* [Task description]:
The copy you give must match the listing below exactly and contain no pictures.

* [Source material]:
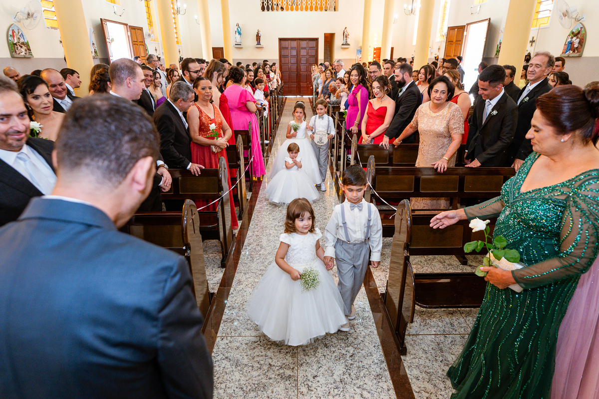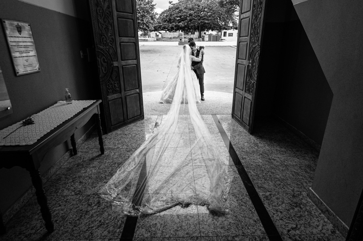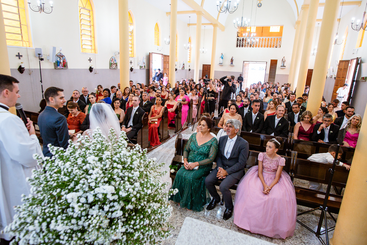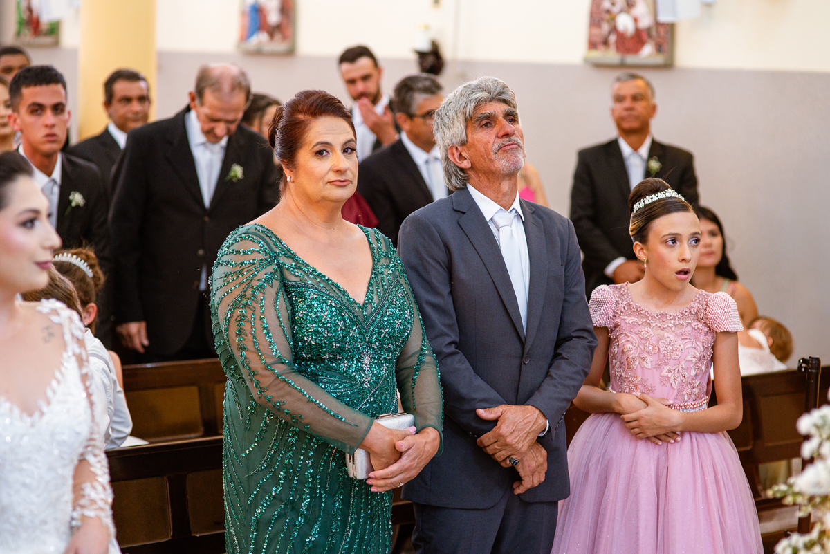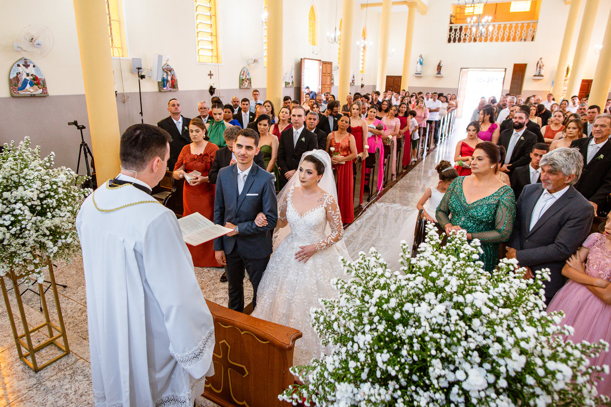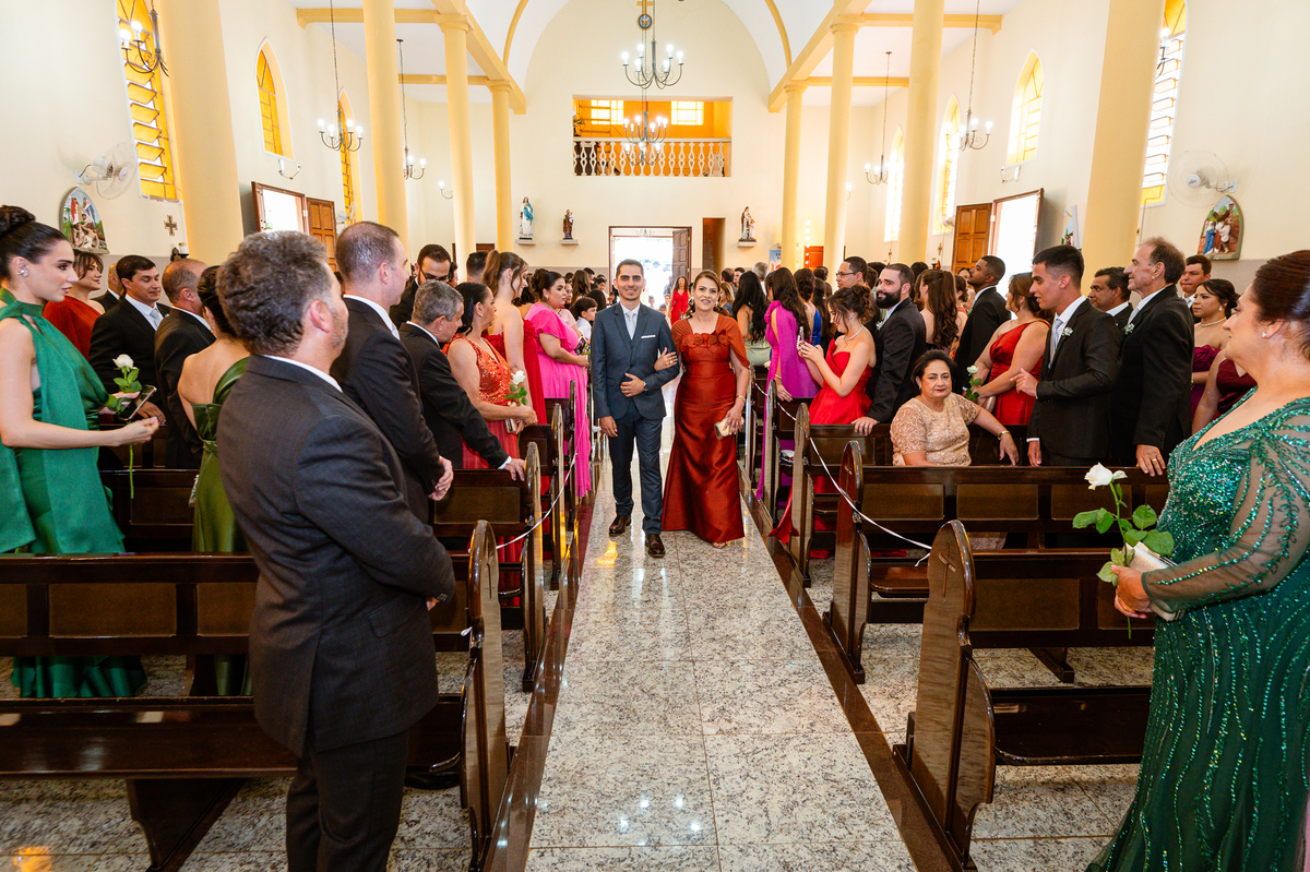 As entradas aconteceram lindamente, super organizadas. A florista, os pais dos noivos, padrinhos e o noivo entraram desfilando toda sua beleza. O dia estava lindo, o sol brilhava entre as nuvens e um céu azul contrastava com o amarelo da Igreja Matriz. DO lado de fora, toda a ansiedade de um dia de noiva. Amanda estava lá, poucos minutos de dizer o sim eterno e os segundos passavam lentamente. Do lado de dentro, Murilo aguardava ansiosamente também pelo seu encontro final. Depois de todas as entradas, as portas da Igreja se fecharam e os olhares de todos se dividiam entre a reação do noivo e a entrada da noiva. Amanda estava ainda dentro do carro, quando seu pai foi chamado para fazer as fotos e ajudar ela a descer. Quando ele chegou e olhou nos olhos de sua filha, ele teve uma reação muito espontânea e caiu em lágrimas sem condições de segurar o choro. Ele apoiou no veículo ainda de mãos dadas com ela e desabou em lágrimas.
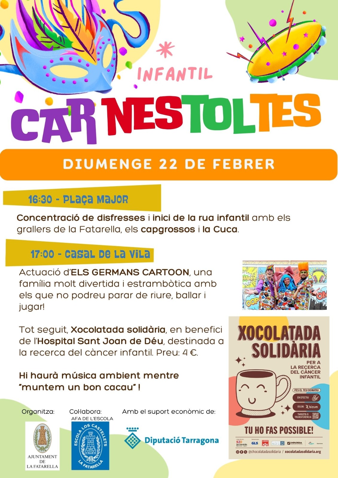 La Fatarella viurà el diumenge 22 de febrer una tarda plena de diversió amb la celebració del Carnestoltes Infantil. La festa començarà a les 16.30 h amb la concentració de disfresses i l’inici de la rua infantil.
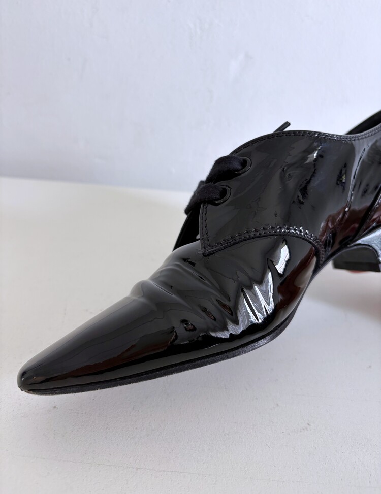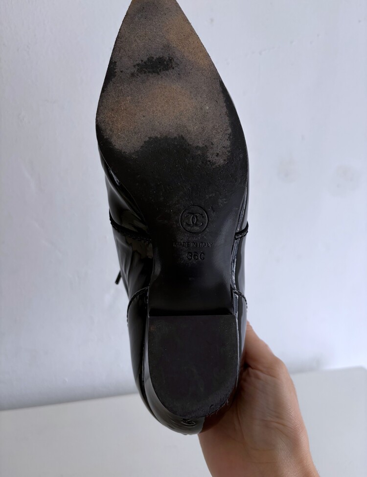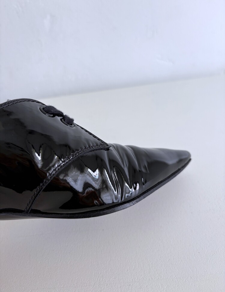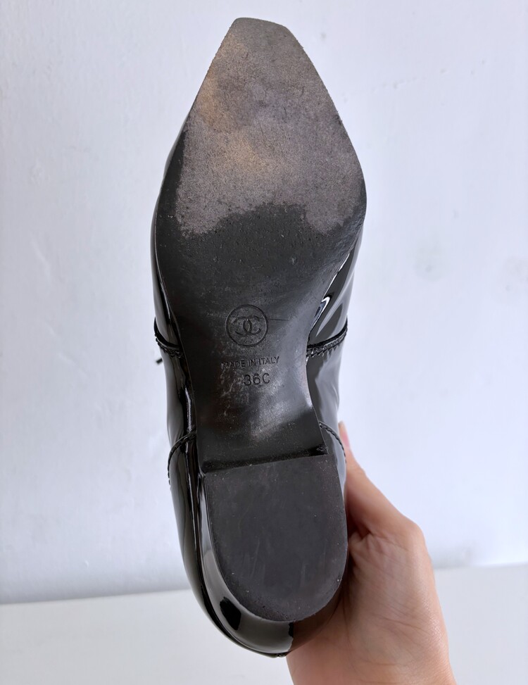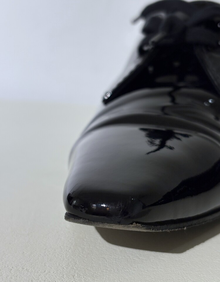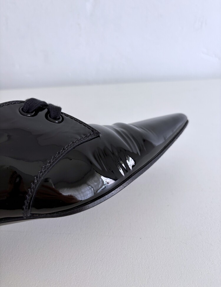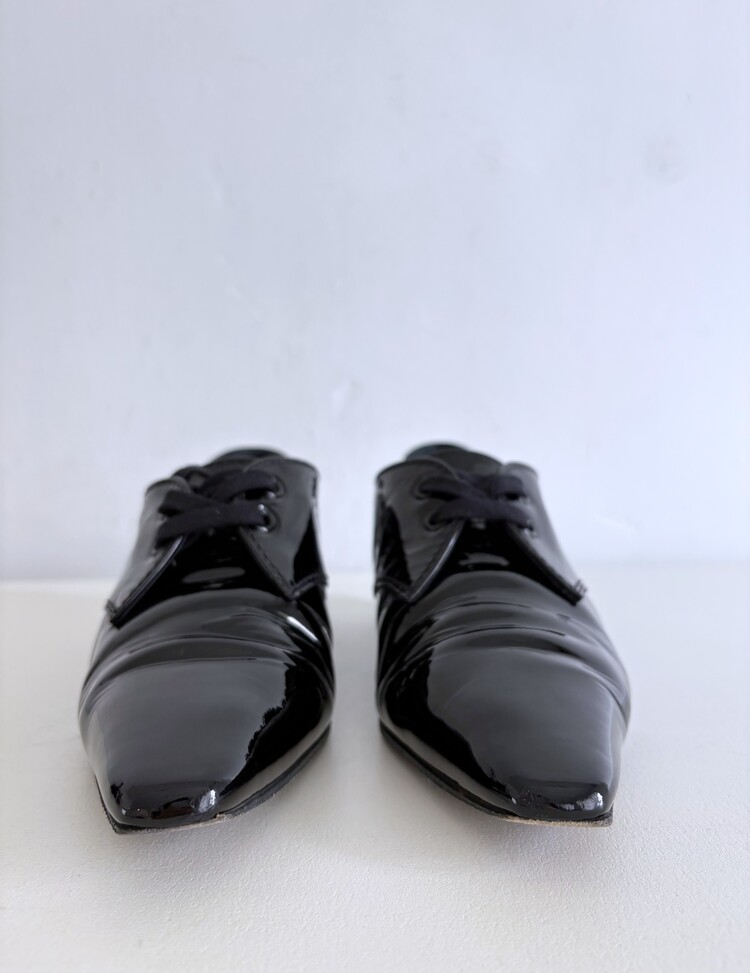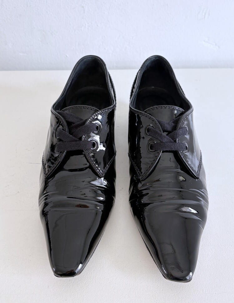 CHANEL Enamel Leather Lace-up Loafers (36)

* [Task solution]:
 As entradas aconteceram lindamente, super organizadas. A florista, os pais dos noivos, padrinhos e o noivo entraram desfilando toda sua beleza. O dia estava lindo, o sol brilhava entre as nuvens e um céu azul contrastava com o amarelo da Igreja Matriz. DO lado de fora, toda a ansiedade de um dia de noiva. Amanda estava lá, poucos minutos de dizer o sim eterno e os segundos passavam lentamente. Do lado de dentro, Murilo aguardava ansiosamente também pelo seu encontro final. Depois de todas as entradas, as portas da Igreja se fecharam e os olhares de todos se dividiam entre a reação do noivo e a entrada da noiva. Amanda estava ainda dentro do carro, quando seu pai foi chamado para fazer as fotos e ajudar ela a descer. Quando ele chegou e olhou nos olhos de sua filha, ele teve uma reação muito espontânea e caiu em lágrimas sem condições de segurar o choro. Ele apoiou no veículo ainda de mãos dadas com ela e desabou em lágrimas.
 La Fatarella viurà el diumenge 22 de febrer una tarda plena de diversió amb la celebració del Carnestoltes Infantil. La festa començarà a les 16.30 h amb la concentració de disfresses i l’inici de la rua infantil.
 CHANEL Enamel Leather Lace-up Loafers (36)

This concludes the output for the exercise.